Must operate on 120 volt (standard house outlet) Must not be larger than 10,000 BTUs Must be in good, safe operating condition, including cord Must be designed so an exterior support brace is not needed Must fit within the window size opening listed below for the proper residence hall Bergstrom: 28 1/2" width by 20 3/4" height Madelaine/Lorraine: 24" width by 24" height Mary Minahan McCormick: 20 3/4" width by 18 1/2" height Victor McCormick: 20" width by 21" height Burke: 17" width by 29 1/4" height Sensenbrenner: 40 3/4" width by 23 3/4" height (double unit) 17" width by 23 3/4" height (triple unit) College Houses: Handled on a case-by-case basis All window air conditioners will be installed and removed by SNC staff only and any window air conditioner not installed by SNC staff will be removed. SNC is not responsible for maintenance or repair of personal A/C units. A two-week notice is required for installation or removals.

By filling out the form below, you are requesting permission to have an air conditioning unit installed in your residence at St. Norbert College. Understanding that air conditioners are only allowed when a medical need exists, you have met with Academic Support Services for the proper documentation. 12 ton ac unit costYou understand that there is a charge of $175 per academic year. outside ac unit filterThis charge covers installation, removal and electricity. ac unit burnedYou are responsible for the payment of this charge and for providing the air conditioning unit, within the guidelines provided by the facilities department. Air Conditioner Request Form Do you have a medical accommodation approved through Academic Support Services? You are hereHome » Building Design » Active HVAC Systems » HVAC Controls and Operations

Simulation CFD: Detailed Heat Transfer and Fluid Flow AnalysisAs with all air conditioning systems the principle remains the same whereby the heat is removed from one area and replaced with chilled dry air and the hot air is expelled, normally to the outside atmosphere. As you can see from this typical example of a air conditioning system, the ambient air is drawn over the condensor that can best described as a ‘radiator’ as seen on motor vehicles but instead of water running through the system it contains a refrigerant gas. On its journey around the system it has three main stages; the evaporator contains the sub-cooled refrigerant and air blows through its veins to release the chilled dry air into the room, the condenser contains the high temperature gas that once again air is blown through the veins collecting the heat as it passes through and this is then expelled outside. An air conditioner is able to cool a building because it removes heat from the indoor air and transfers it outdoors.

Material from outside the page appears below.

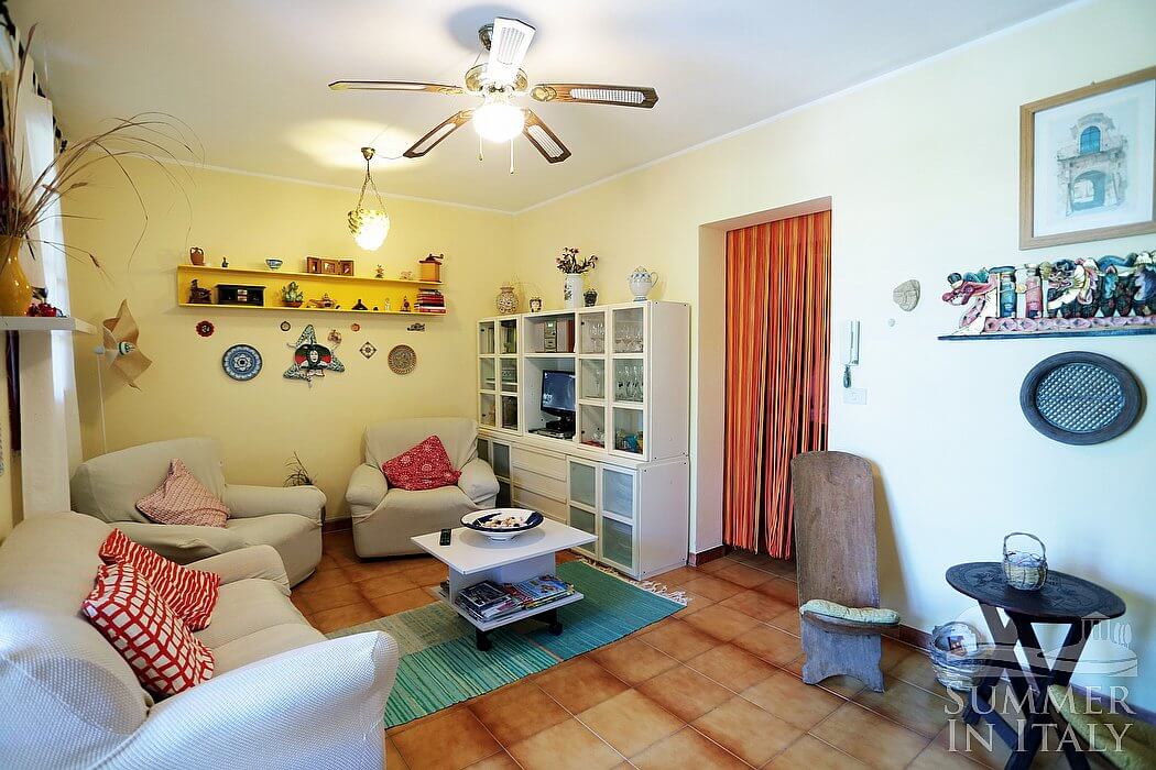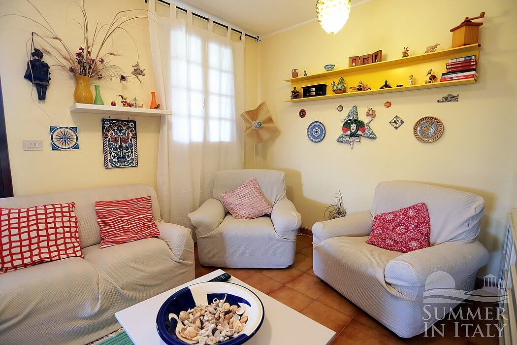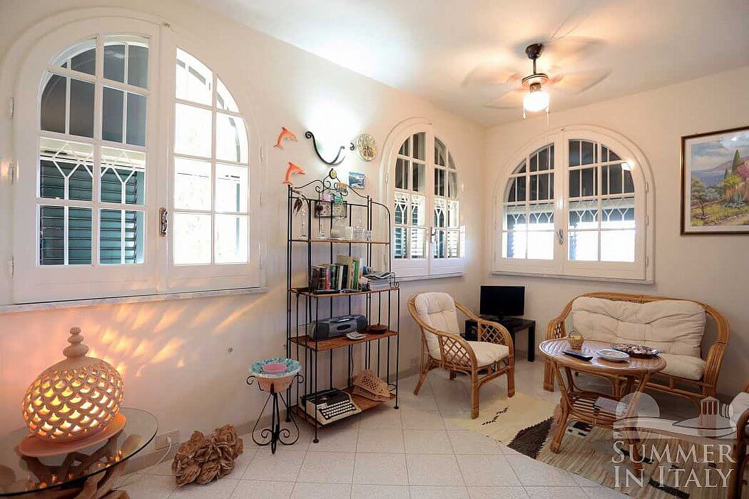 Villa La Rosa dei Venti is a welcoming two-story villa situated at a short distance from the beach. It sleeps six people. From Villa La Rosa dei Venti you will enjoy a charming view of the sea and of the surrounding countryside. Villa La Rosa dei Venti is 160 square meters (1720 square feet). It features a private patio, a private garden, air conditioning (please read description below to check in which rooms the units are installed), winter heating and WI-FI Internet access.

A chemical refrigerant in the system absorbs the unwanted heat and pumps it through a system of piping to the outside coil. The fan, located in the outside unit, blows outside air over the hot coil, transferring heat from the refrigerant to the outdoor air. Most air conditioning systems have five mechanical components: • an evaporator coil • a chemical refrigerant Most central air conditioning units operate by means of a split system. That is, they consist of a ‘hot’ side, or the condensing unit—including the condensing coil, the compressor and the fan—which is situated outside your home, and a ‘cold’ side that is located inside your home. The cold side consists of an expansion valve and a cold coil, and it is usually part of your furnace or some type of air handler. The furnace blows air through an evaporator coil, which cools the air. Then this cool air is routed throughout your home by means of a series of air ducts. A window unit operates on the same principal, the only difference being that both the hot side and the cold side are located within the same housing unit.

The compressor (which is controlled by the thermostat) is the ‘heart’ of the system. The compressor acts as the pump, causing the refrigerant to flow through the system. Its job is to draw in a low-pressure, low-temperature, refrigerant in a gaseous state and by compressing this gas, raise the pressure and temperature of the refrigerant. This high-pressure, high-temperature gas then flows to the condenser coil. The condenser coil is a series of piping with a fan that draws outside air across the coil. As the refrigerant passes through the condenser coil and the cooler outside air passes across the coil, the air absorbs heat from the refrigerant which causes the refrigerant to condense from a gas to a liquid state. The high-pressure, high-temperature liquid then reaches the expansion valve. The evaporator coil is a series of piping connected to a furnace or air handler that blows indoor air across it, causing the coil to absorb heat from the air. The cooled air is then delivered to the house through ducting.

The refrigerant then flows back to the compressor where the cycle starts over again. The most important maintenance task that will ensure the efficiency of your air conditioner is to routinely replace or clean its filters. Clogged, dirty filters block normal airflow and reduce a system’s efficiency significantly. With normal airflow obstructed, air that bypasses the filter may carry dirt directly into the evaporator coil and impair the coil’s heat-absorbing capacity. Filters are located somewhere along the return duct’s length. Common filter locations are in walls, ceilings, furnaces, or in the air conditioner itself. Some types of filters are reusable; others must be replaced. They are available in a variety of types and efficiencies. Clean or replace your air conditioning system’s filter or filters every month or two during the cooling season. Filters may need more frequent attention if the air conditioner is in constant use, is subjected to dusty conditions, or you have fur-bearing pets in the house.